In those cases, political rivals stepped in to defend the laws, which were both eventually overturned. But in Bonta's case, it was his political ally and the man who appointed him to the job who chose to intervene. Though the law professors said interventions are common in general, a spokesperson for the governor said it's the first time during Newsom's tenure he has intervened in a lawsuit.

"Governor Newsom is taking this action to ensure that Californians' interests are robustly defended," Newsom spokesperson Danella Debel wrote in an email Thursday, before Benitez had issued his tentative ruling. "Under the California Constitution and federal court rules, the Governor has a right to intervene in a federal lawsuit challenging a state statute."

In a statement issued Thursday, Newsom called it "an abomination" that the Supreme Court upheld Texas' abortion law, and his lawyers wrote in a court filing that fee-shifting provisions like the one in Texas' law, which would effectively ban most citizens from accessing the courts to try to fight for their rights, "are outrageous and objectionable."

But he argued that until a court rules Texas' fee-shifting provision is unconstitutional, California will use the same legal tool to try to combat gun violence.

"So long as this opportunity to take action against those who spread illegal weapons in our communities exists, we're going to use it to save lives," Newsom said in a statement issued before Friday's hearing. "We will not back down."
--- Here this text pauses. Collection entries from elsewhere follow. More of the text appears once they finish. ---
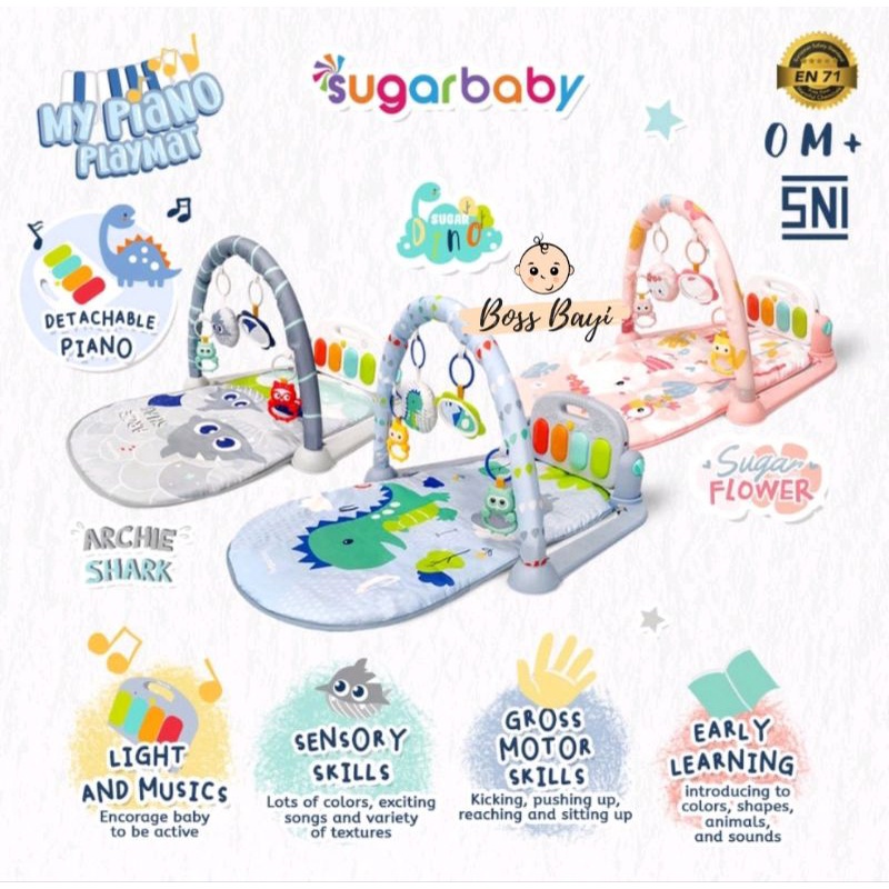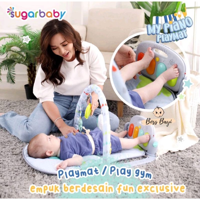 NEW - SUGAR BABY PIANO PLAYMAT: 🔹Piano playmat dapat digunakan 4 tahap untuk bayi bermain: (1) Lay & Play dimana bayi dapat tidur telentang sambil melihat mainan gantung dan mendengarkan music (2) Tummy Time dimana bayi dapat telungkup sambil belajar memperkuat otot leher dan tangannya (3) Sit & Play dimana bayi yang sudah dapat duduk dapat mencoba untuk menekan tombol-tombol piano yang ada (4) Walk & Take Along dimana piano dapat dilepas tersendiri sebagai mainan piano kecil yang dapat dibawa-bawa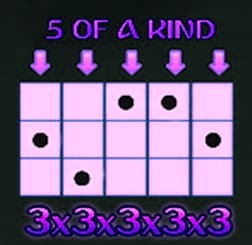- จํานวนของสัญลักษณ์ในแถวที่เจาะจงซึ่งปรากฏบนแถวที่เลือกไว้จะทำให้ได้รางวัลรางวัลเป็นไปตามตารางรางวัลแถวเดิมพันไม่ได้มีเพียงแนวนอนของวงล้อเท่านั้น แต่ยังนับในแนวทแยงซีกแซีกด้วยแถวสามารถประกอบด้วยสัญลักษณ์ในแถวแนวนอนที่สองของวงล้อแรกแถวแนวนอนที่สองของวงล้อที่สองแถวแนวนอนที่สามของวงล้อที่สามแถวแนวนอนที่สองของวงล้อที่สี่และแถวแนวนอนที่สองในวงล้อที่ห้า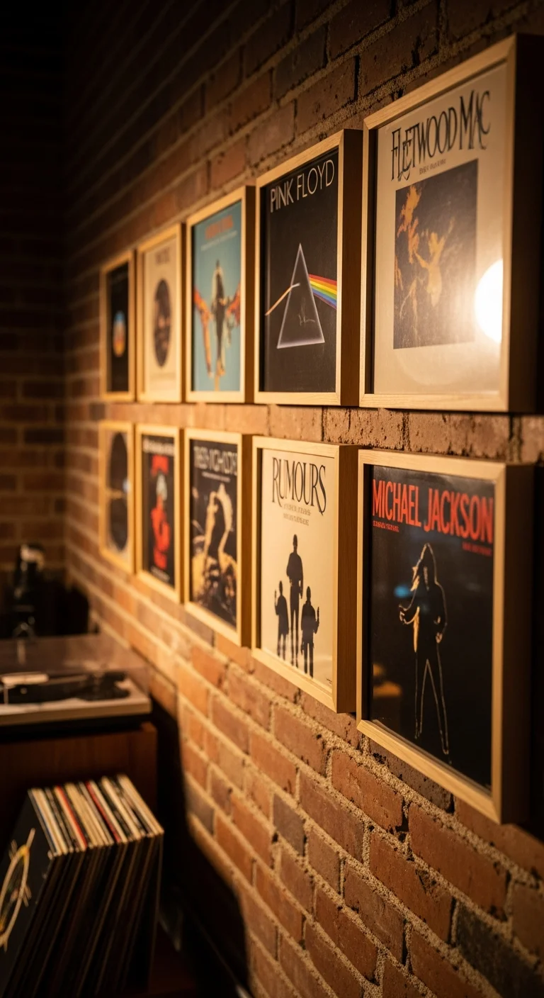 This technique is dynamic and personal. It allows you to rotate the display based on your mood or what you are currently listening to, making the wall a conversation starter.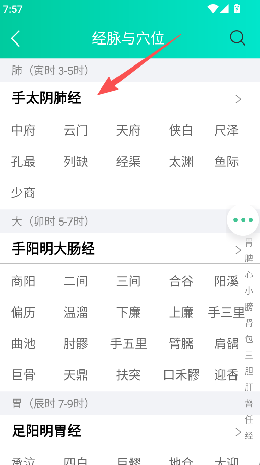 2、在经络列表中,选择目标经络如手太阴肺经。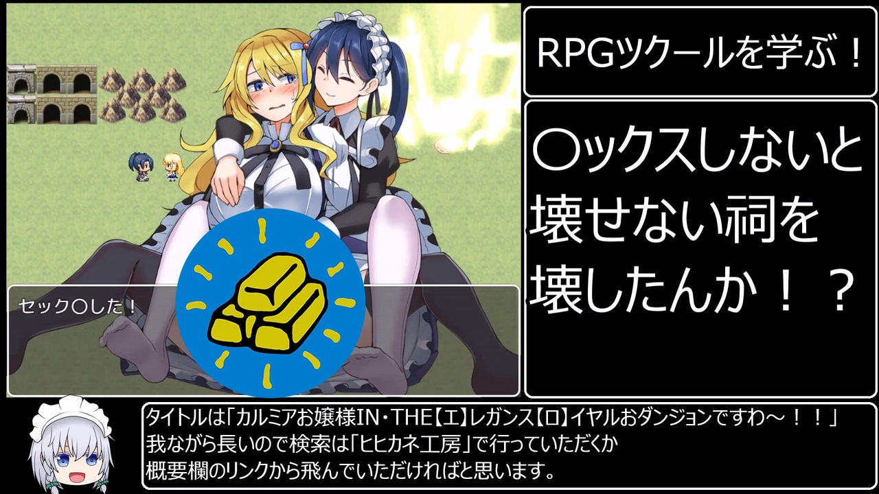 ニコニコ動画講座の初投稿です <br><br><span style="font-size: 16px;"><strong>【セ。ク〇しないと壊せない祠を壊したんか!?】</strong></span><br><br>を通じてRPGツクールを学ぼう! <br><br><span style="font-size: 16px;"><strong>エ□ゲRTAパート1と単発のマイリスト→<a href="https://www.nicovideo.jp/mylist/70659794" target="_blank" rel="noopener">mylist/70659794</a> <br><br>ゲーム制作記パート1→ <a href="https://www.nicovideo.jp/watch/sm43632987" class="watch">sm43632987</a> </strong></span><br><br>スマホやタブレット等から見られない方はこちらの動画を参考にすると 見られるようになるはずです→ <a href="https://www.nicovideo.jp/watch/sm38575952" class="watch">sm38575952</a> <br><br><span style="font-size: 16px;"><strong>体験版をDL&金塊隠し無しのPVがある予告ページはこちら!<br>是非お気に入り登録とかをお願いします! <br>【ヒヒカネ工房】 <br>カルミアお嬢様IN・THE[エ]レガンス[ロ]イヤルおダンジョンですわ~!! <br><br><a href="https://www.dlsite.com/maniax/announce/=/product_id/RJ01236961.html" target="_blank" rel="noopener nofollow">https://www.dlsite.com/maniax/announce/=/product_id/RJ01236961.html</a> <br><br>私ヒヒダウザーこと【ヒヒカネ工房】の <br>Cien: <a href="https://ci-en.dlsite.com/creator/21024" target="_blank" rel="noopener nofollow">https://ci-en.dlsite.com/creator/21024</a> <br>X(twitter): <a href="https://twitter.com/hihidowser" target="_blank" rel="noopener nofollow">https://twitter.com/hihidowser</a> <br>misskey: <a href="https://misskey.io/@hihidowser" target="_blank" rel="noopener nofollow">https://misskey.io/@hihidowser</a></strong></span>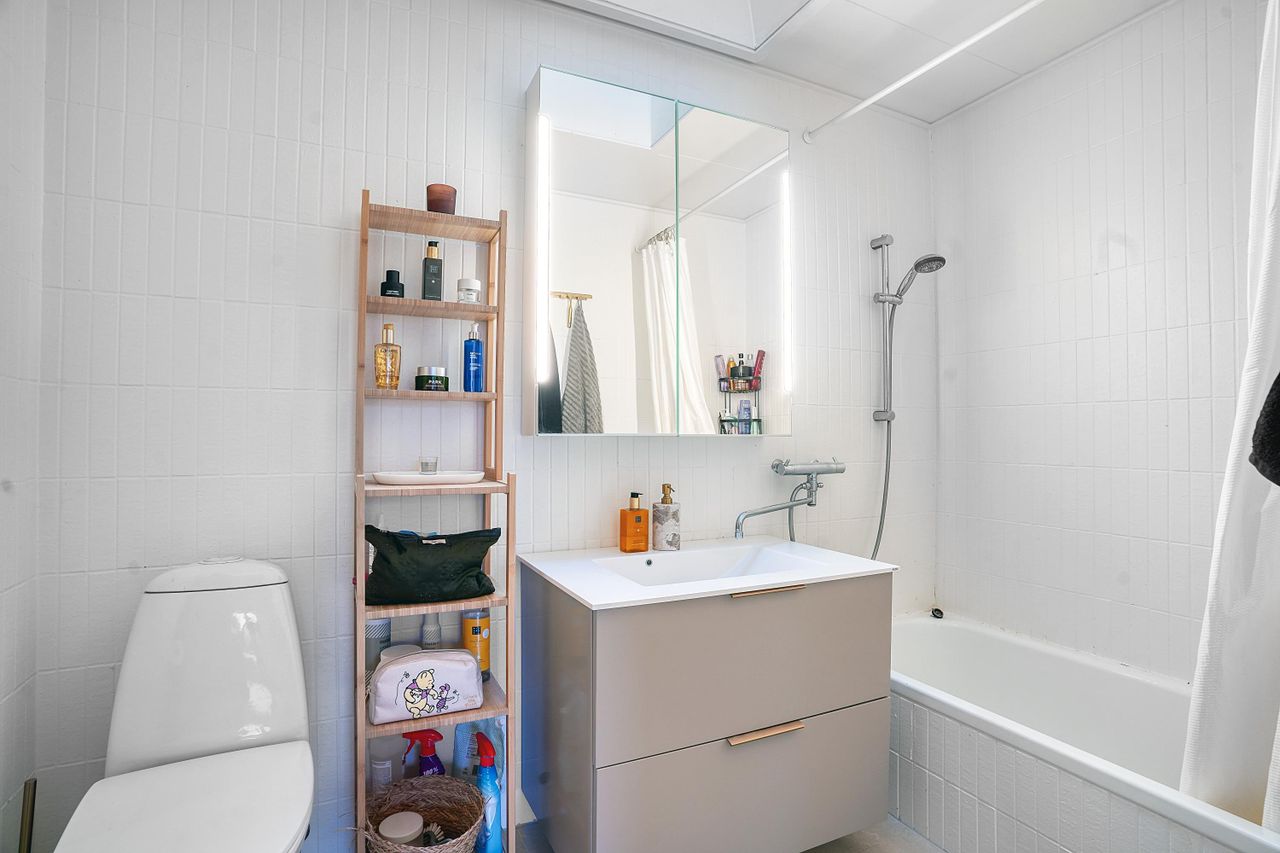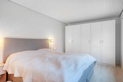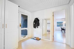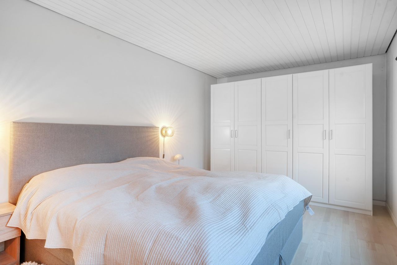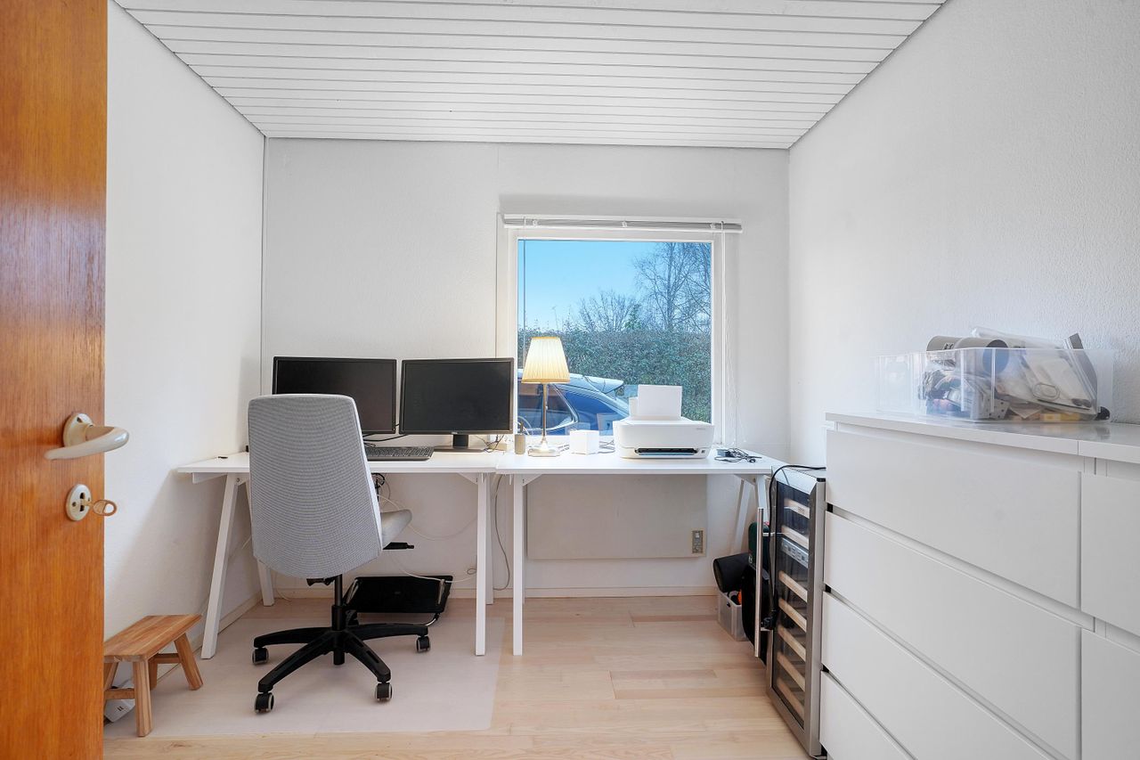 Boligen byder på tre gode værelser, der kan anvendes som soveværelse, børneværelser, hjemmekontor eller gæsteværelse. Det flotte badeværelse er velholdt med badekar, opbevaringsplads og moderne indretning. Hertil kommer et praktisk bryggers med vaskefaciliteter og direkte udgang til haven.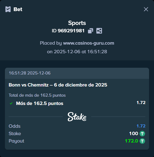 Resumen: Esperamos una victoria del Bonn con un total de más de 162.5 puntos
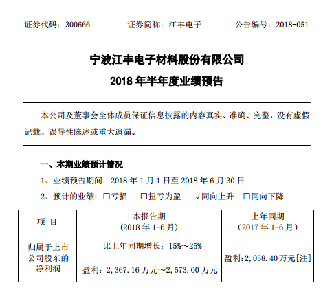 7月13日,江丰电子发布《2018年半年度业绩预告》,显示预计上半年,公司实现归属于上市公司股东的净利润为2367.16万元—2573.00万元,比上年同期增长15%—25%。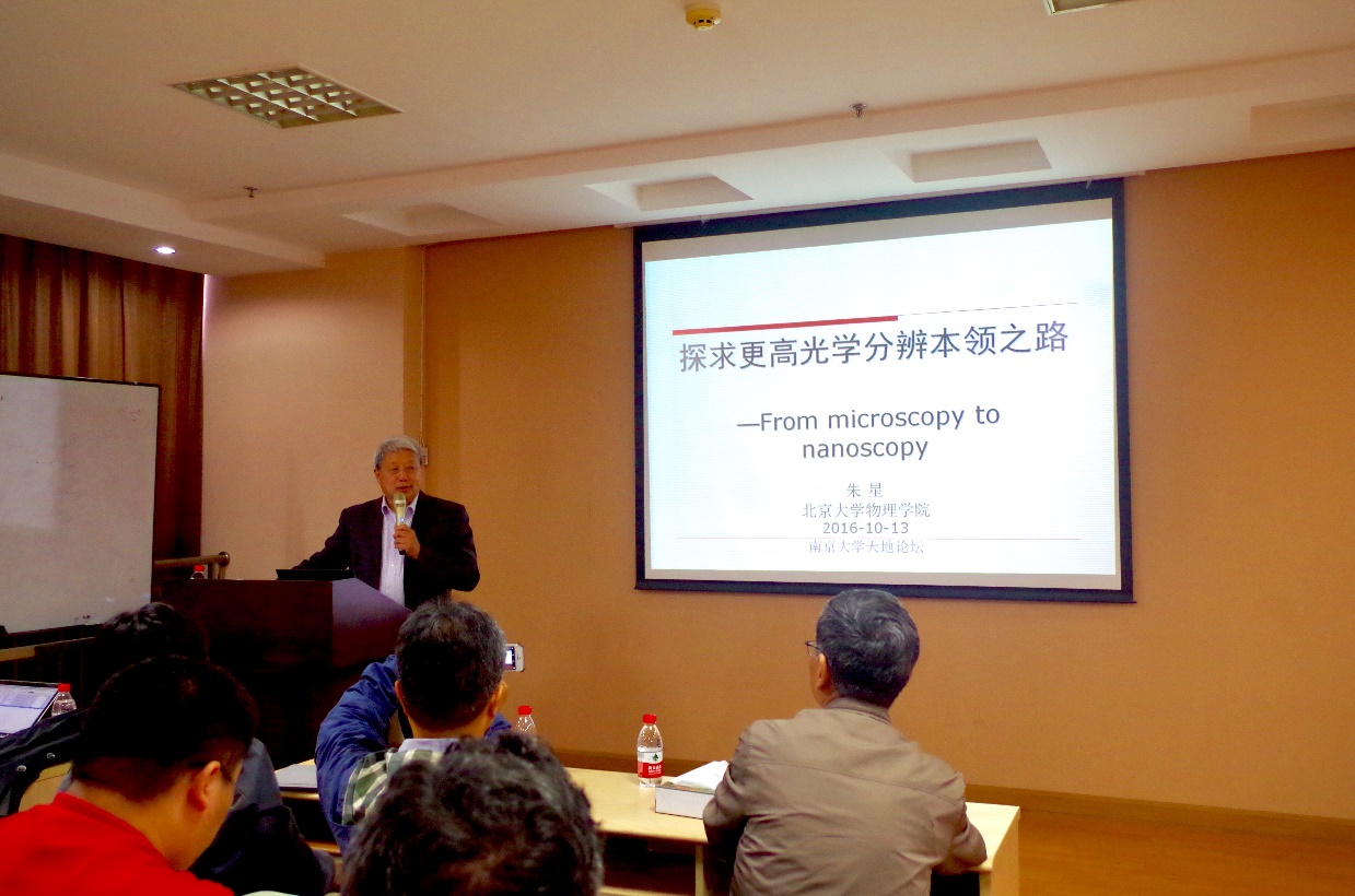 2016年10月13日,“天地现代工学讲坛”第六期第三讲在唐仲英楼B501报告厅如期开讲。北京大学物理公司朱星教授担任此次讲座的主讲嘉宾,讲座的主题为“探求更高光学分辨本领之路—From microscopy to nanoscopy”。本次讲坛由张伟华教授主持,讲坛组委会主席祝世宁院士、执行经理陆延青教授等出席讲坛,祝世宁院士代表讲坛组委会向朱星教授赠送了讲坛纪念品。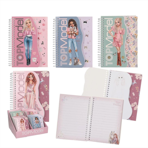 A praktikus, spirálkötésű TOPModel füzetek perforált részében TOPModel figurákkal ellátott oldalak találhatók a spontán ruhatervezéshez, valamint finom vonalú és gyönyörűen illusztrált vonalas oldalak a gyors jegyzetekhez. Négy különböző minta, mindegyik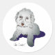 This graphic illustration depicts a cute and fluffy Maltipoo or Maltese and poodle mixed breed puppy in a seated pose.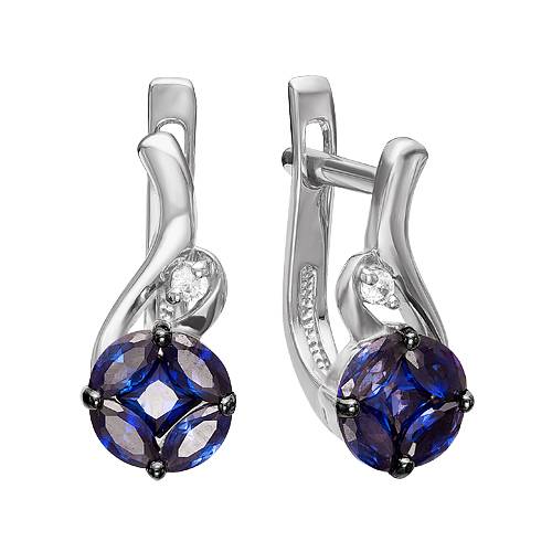 Серьги из белого золота с бриллиантами и сапфирами (040619)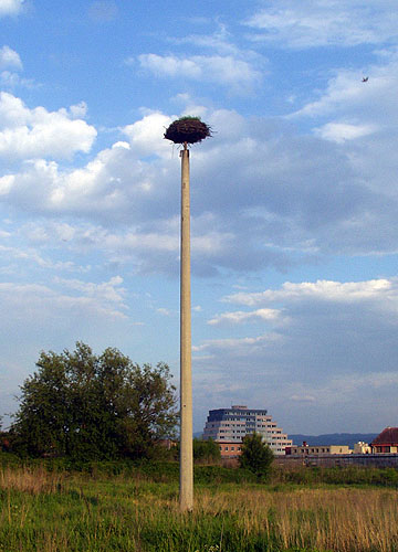Ako hovorí Peter Kovalik tak možno keď pri starej škrobarne teraz Neo zóna a super center 1 možno to staré hniezdo preložili na toto bocianné hniezdo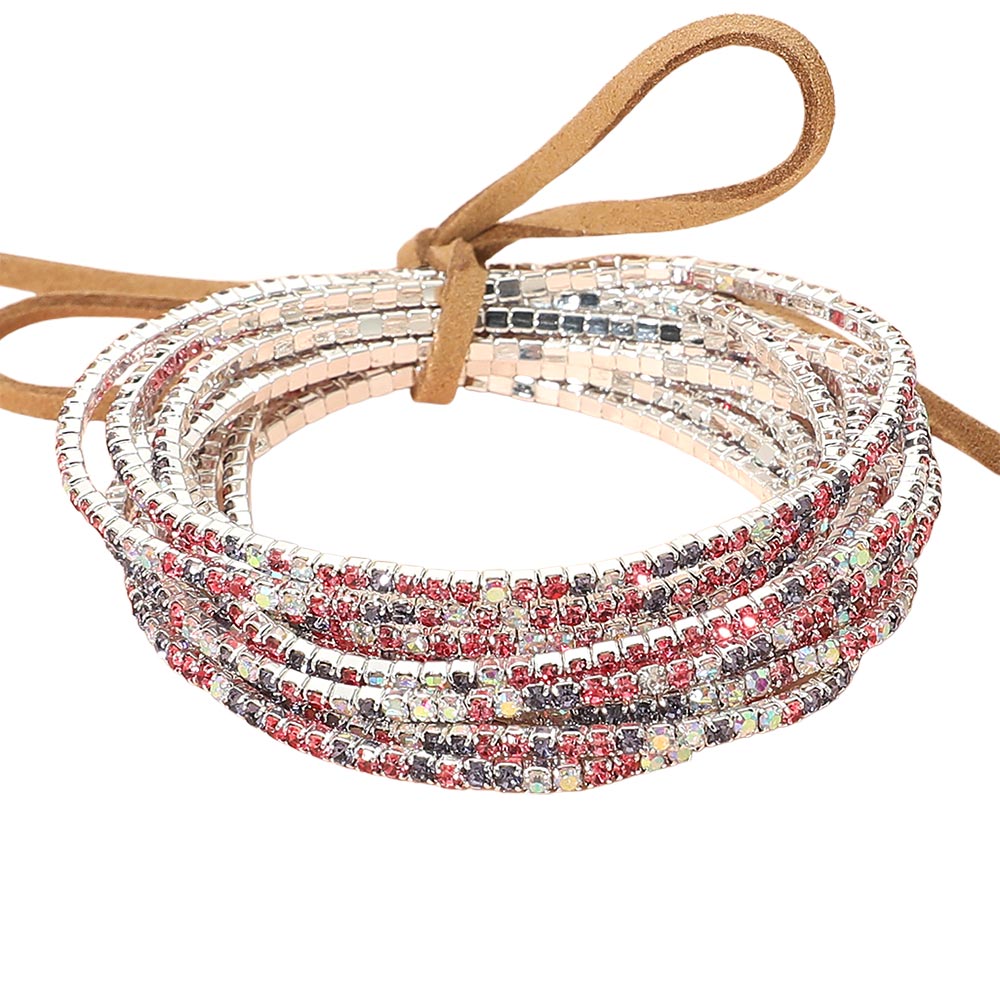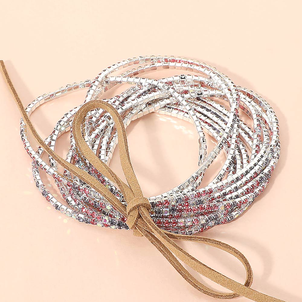 12PCS - Ribbon Colorful Rhinestone Layered Stretch Bracelets

Benitez said using the "strong arm of the state with its unlimited resources" to discourage people from trying to fight for their rights in court is wrong. "I can't think of anything more tyrannical," he said.

Newsom appears to be on somewhat of an island in defending SB 1327's fee-shifting provision. Before lawmakers passed the bill, ACLU California Action — the policy analysis and legislative advocacy arm of California's American Civil Liberties Union branches — warned in a letter to lawmakers that the bill "would set a dangerous legal precedent."

Glenn Smith, a professor at San Diego's California Western School of Law, agreed.

"Especially when dealing with the supreme law of the land and core constitutional rights, it's important to not lose track of the big picture," Smith said Thursday. "It's important for people to not have a short-term view of politics so that they approve of something that if the context is flipped, they would disapprove. That ought to tell them the whole enterprise is dangerous."

Ken Vandevelde, a professor at Thomas Jefferson School of Law downtown, said there are "serious questions about the constitutionality of fee-shifting measures" like the ones in both the California gun law and Texas abortion law.

"The Supreme Court has held that litigation to protect rights is a form of expression protected by the First Amendment," Vandevelde said. He said a law that threatens a plaintiff with massive legal bills unless they win every single one of their claims appears to be an effort to chill First Amendment-protected free-speech rights.

"It's especially odious if aimed at people taking a particular viewpoint, if the only targets are people advocating one position," he said. That's known as "viewpoint discrimination," Vandevelde explained, and it could be argued that a fee-shifting provision only targeting one group, like gun rights organizations or abortion advocates, meets the criteria.

"The Supreme Court has treated that kind of discrimination very harshly," he said.